- Hogere energieprijzen vormen de belangrijkste component van de sterk gestegen inflatie.
- Voor olieprijzen lijkt het erop dat de opwaartse beweging de komende periode nog kan doorzetten.
- Beursexperts Michael Nabarro en Gökhan Erem belichten de relatie tussen olieprijzen en aandelen van de grote olie-en gasproducenten op de beurs.
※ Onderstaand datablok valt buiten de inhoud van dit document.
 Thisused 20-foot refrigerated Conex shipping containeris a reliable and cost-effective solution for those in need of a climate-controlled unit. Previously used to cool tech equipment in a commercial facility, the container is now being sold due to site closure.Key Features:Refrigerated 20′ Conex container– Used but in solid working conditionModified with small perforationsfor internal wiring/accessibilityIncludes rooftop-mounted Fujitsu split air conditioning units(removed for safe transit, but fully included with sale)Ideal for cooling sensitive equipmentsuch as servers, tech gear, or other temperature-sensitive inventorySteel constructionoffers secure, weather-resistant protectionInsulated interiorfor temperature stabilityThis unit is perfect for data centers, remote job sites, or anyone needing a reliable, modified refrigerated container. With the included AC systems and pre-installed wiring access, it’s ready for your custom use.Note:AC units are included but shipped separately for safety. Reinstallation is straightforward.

- Lees ook: Beleggers moeten oppassen voor nieuwe dalingsgolf: let op dit koersniveau voor de S&P 500
ANALYSE – Aandelenmarkten kregen dinsdag steun van berichten dat het wellicht toch mee gaat vallen met de gevreesde invasie van Oekraïne door Rusland. Het herstel volgde nadat van Amerikaanse zijde afgelopen weekend nog de waarschuwing klonk dat Rusland klaar is om binnen enkele dagen Oekraïne binnen te vallen.
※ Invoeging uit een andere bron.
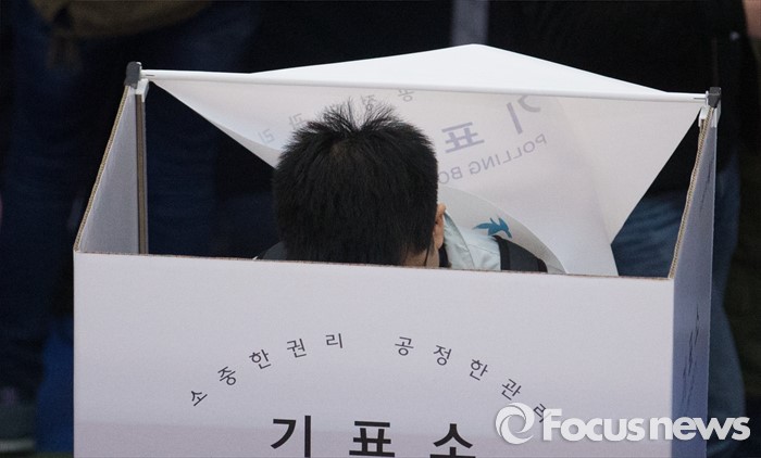 (인천공항=포커스뉴스) 제20대 국회의원 선거 사전투표 시작일인 8일 오전 인천국제공항 출국장에서 한 유권자가 사전투표를 하고 있다.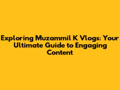 Exploring Muzammil K Vlogs: Your Ultimate Guide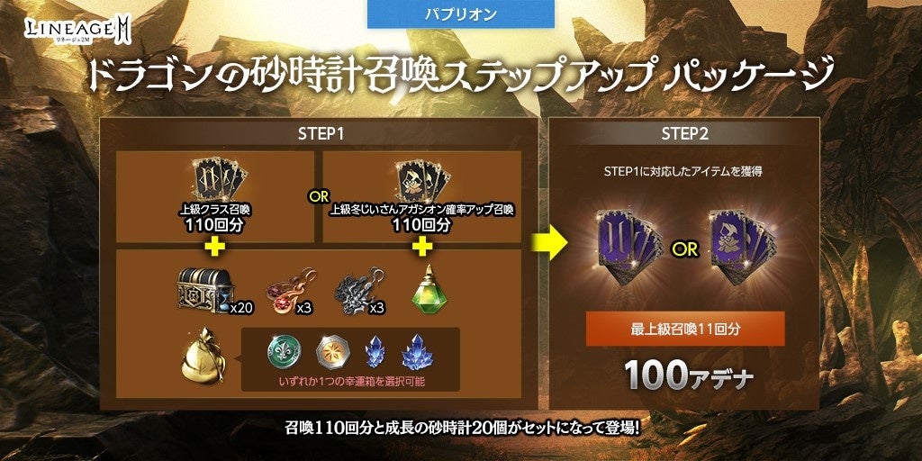 「成長の砂時計箱(刻印)」20個に、クラスの召喚または冬じいさんアガシオン確率アップ召喚110回分、「ヴァラカス イアリング箱(刻印)」3個、「アンタラス イアリング箱(刻印)」3個などがセットになった「ドラゴンの砂時計召喚ステップアップ パッケージ」が登場しました。

De snelheid waarmee de inschattingen over de ernst van het Oekraïense conflict omslaan, zorgt er zodoende voor dat financiële markten flink heen en weer worden geslingerd.
Intussen blijft de hoge inflatie een bron van onzekerheid voor beleggers, zoals we in onze bredere marktbeschouwing van afgelopen weekend hebben toegelicht.
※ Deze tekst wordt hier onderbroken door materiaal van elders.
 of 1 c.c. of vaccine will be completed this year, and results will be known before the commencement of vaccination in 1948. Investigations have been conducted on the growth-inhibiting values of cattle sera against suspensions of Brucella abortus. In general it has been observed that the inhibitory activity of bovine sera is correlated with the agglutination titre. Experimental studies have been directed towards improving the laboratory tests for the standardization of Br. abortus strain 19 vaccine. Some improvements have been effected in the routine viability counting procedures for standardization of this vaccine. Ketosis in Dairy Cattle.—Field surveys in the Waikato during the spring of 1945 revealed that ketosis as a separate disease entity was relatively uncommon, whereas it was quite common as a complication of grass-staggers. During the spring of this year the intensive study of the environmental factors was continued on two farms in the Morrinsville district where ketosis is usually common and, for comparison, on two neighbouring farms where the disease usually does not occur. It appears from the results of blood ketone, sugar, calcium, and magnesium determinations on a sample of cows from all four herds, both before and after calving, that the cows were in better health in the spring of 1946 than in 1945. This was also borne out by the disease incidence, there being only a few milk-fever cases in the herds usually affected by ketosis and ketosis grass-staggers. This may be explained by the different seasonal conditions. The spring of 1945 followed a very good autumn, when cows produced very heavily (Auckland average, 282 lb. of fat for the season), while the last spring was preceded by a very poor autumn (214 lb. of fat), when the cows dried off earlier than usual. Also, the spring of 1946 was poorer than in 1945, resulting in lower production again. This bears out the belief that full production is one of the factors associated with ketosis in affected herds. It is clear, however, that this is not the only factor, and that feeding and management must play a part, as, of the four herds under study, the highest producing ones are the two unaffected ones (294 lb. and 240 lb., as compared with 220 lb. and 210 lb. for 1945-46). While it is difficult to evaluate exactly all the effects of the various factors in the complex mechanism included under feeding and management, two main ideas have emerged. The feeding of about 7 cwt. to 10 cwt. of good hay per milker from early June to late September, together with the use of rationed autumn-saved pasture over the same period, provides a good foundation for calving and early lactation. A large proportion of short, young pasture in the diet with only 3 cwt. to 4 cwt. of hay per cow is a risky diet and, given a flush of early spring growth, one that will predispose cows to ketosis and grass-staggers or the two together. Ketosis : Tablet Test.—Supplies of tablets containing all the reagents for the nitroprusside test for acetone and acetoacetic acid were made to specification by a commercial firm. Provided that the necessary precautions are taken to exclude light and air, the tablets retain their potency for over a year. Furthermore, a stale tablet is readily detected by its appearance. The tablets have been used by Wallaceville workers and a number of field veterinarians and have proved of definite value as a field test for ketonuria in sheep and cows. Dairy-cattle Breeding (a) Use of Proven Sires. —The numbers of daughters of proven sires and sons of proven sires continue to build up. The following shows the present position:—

In deze bijdrage gaan we dieper in op de grondstoffensector, die een grote rol speelt bij de hoge inflatie die nu steeds breder voelbaar is.
We kijken hierbij meer in detail naar de ontwikkeling van olieprijzen en evalueren in dit verband ook twee tips die we eerder gaven voor de aandelen Shell en ExxonMobil. Tijd om mooie winsten veilig te stellen of nog aanhouden met uiteraard een zogenoemde winststop?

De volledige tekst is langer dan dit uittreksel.